Before moving on, Notably, Section 1623(a)(1) specifies that this responsive cyber action against the Russians would count as “traditional military activities.” This is useful. I like it that it does not attempt to tie back to 1622’s somewhat-troubled definition of “clandestine” military cyber activity. It does not need to do so. It is cleaner simply to state that responding to malicious Russian cyber activity will count as TMA—and thus will not count as “covert action”—even when conducted on an unacknowledged basis.
b. 1623(b), surveillance, and Cyber Command
This one is a bit different in kind, for it concerns the authority of Cyber Command to engage in surveillance activity on networks outside the United States. Now, you might respond to that general description by saying: intelligence-collection activity is a central feature of military planning and operations, so surely a combatant command like Cyber Command already engages in a substantial amount of activity on foreign networks that falls under that heading. And perhaps that is true with respect to the military systems and networks of foreign states. What’s interesting about Section 1623(b) is that it clarifies (or establishes) that the secretary of defense can authorize Cyber Command to conduct surveillance targeting private Russian actors where
- those entities act “at the behest or in support” of the Russian government, and
- they engage in one of the following categories of activity:
- “stealing and releasing confidential information” from U.S. political candidates or their organizations
- “generating and planting information and narratives” in our media in order to “mislead, sharpen social and political conflicts,” and otherwise manipulate things
- creating botnets and also “false accounts” on social media in order to amplify messaging towards those same harmful ends
- developing or using cyber means to harm U.S. critical infrastructure or to cause casualties (U.S. persons or “persons of allies”…does that include Ukraine?), significant property damage, economic disruption, effects amounting to armed attack, effects imperiling a “vital national security interest,” or “significant disruption of the normal functioning of United States democratic society and government.”

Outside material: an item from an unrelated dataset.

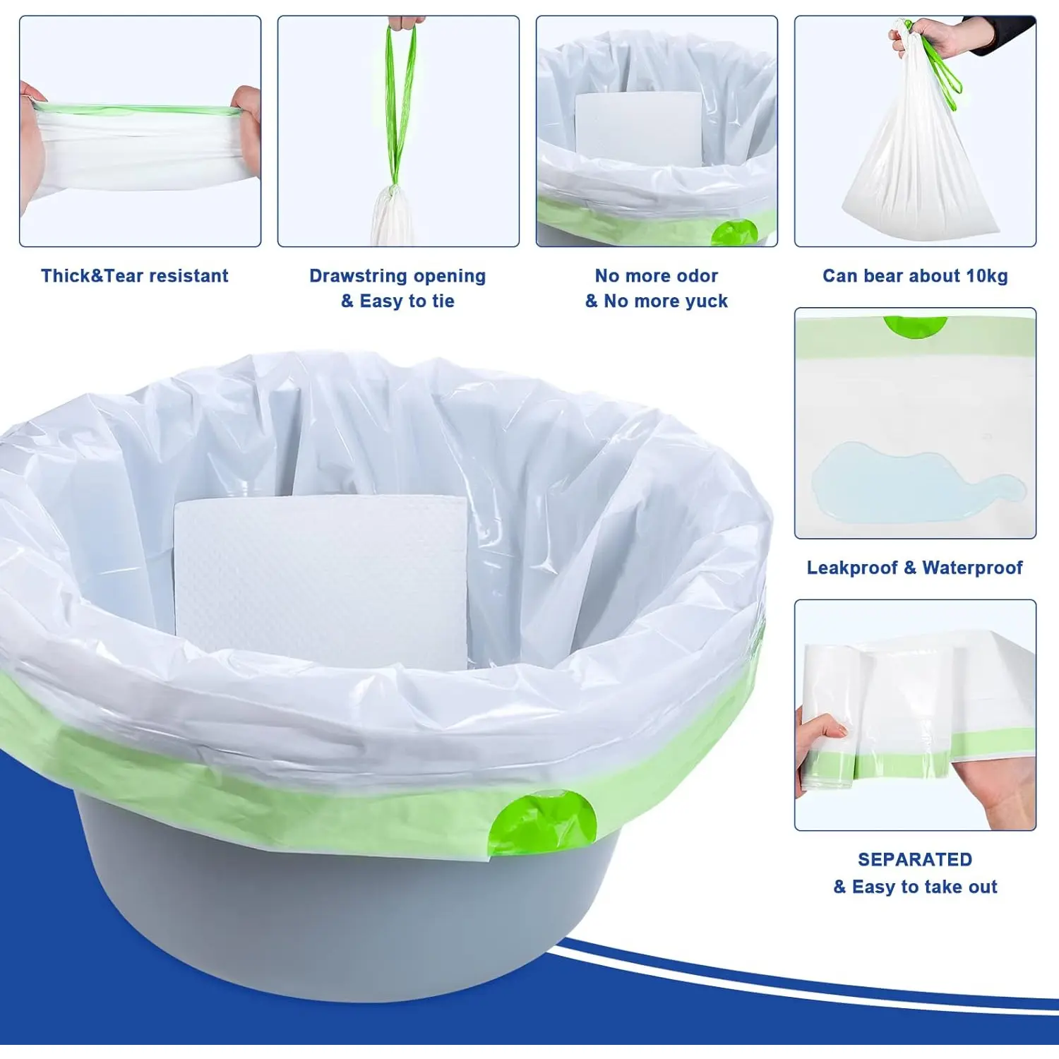 Leak Proof & No More Odor: These potty liners made of medical grade LDPE plastic.Sized is 21 x 16 inches, capacity 15 liters and can bear about 10 kg.The portable toilet liners are thick, sturdy, tear resistant, drawstring opening to easy to tie
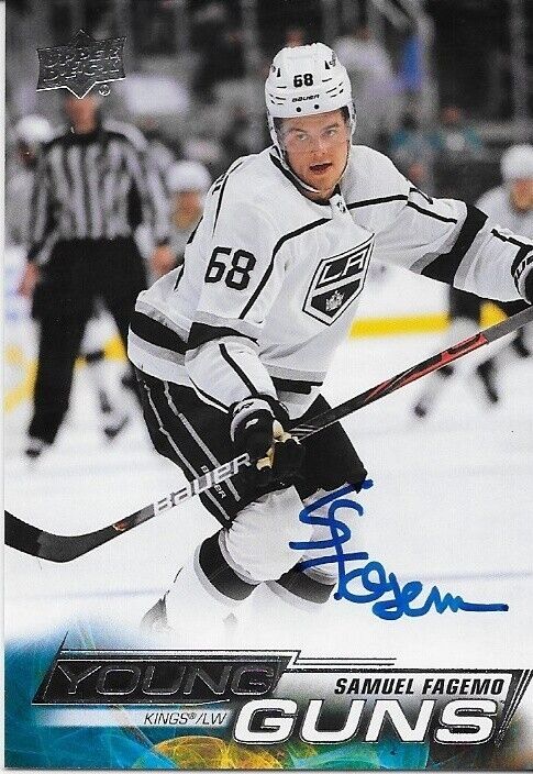 Autographed 2022-23 UD Los Angeles Kings Young Guns Samuel Fagemo Rookie Card

So all that is, of course, a response to the 2016 Russian intervention, and I’m all for it. What’s interesting to me is the question of whether surveillance on these topics should be NSA’s business rather than Cyber Command’s. That is, Section 1623 seems to me to reflect, to some extent, the ongoing frictions involved in having a military intelligence agency that is the incumbent and world-class agency for collection of this kind, but also having a new combatant command operating in the cyber domain at a time when we have an increasing degree of “grey zone” activity implicating its interests and thus bringing with it intelligence-support needs that it might want to fulfill on its own.
The bottom line, I suppose, is that there may be some serious deconfliction issues lurking beneath the surface here, which is not too big a deal while the dual-hat remains in place (Gen. Paul Nakasone is the head of both the NSA and Cyber Command), but sure look more complicated if and when those positions are split (especially if at the same time the White House continues to neglect the interagency cyber portfolio).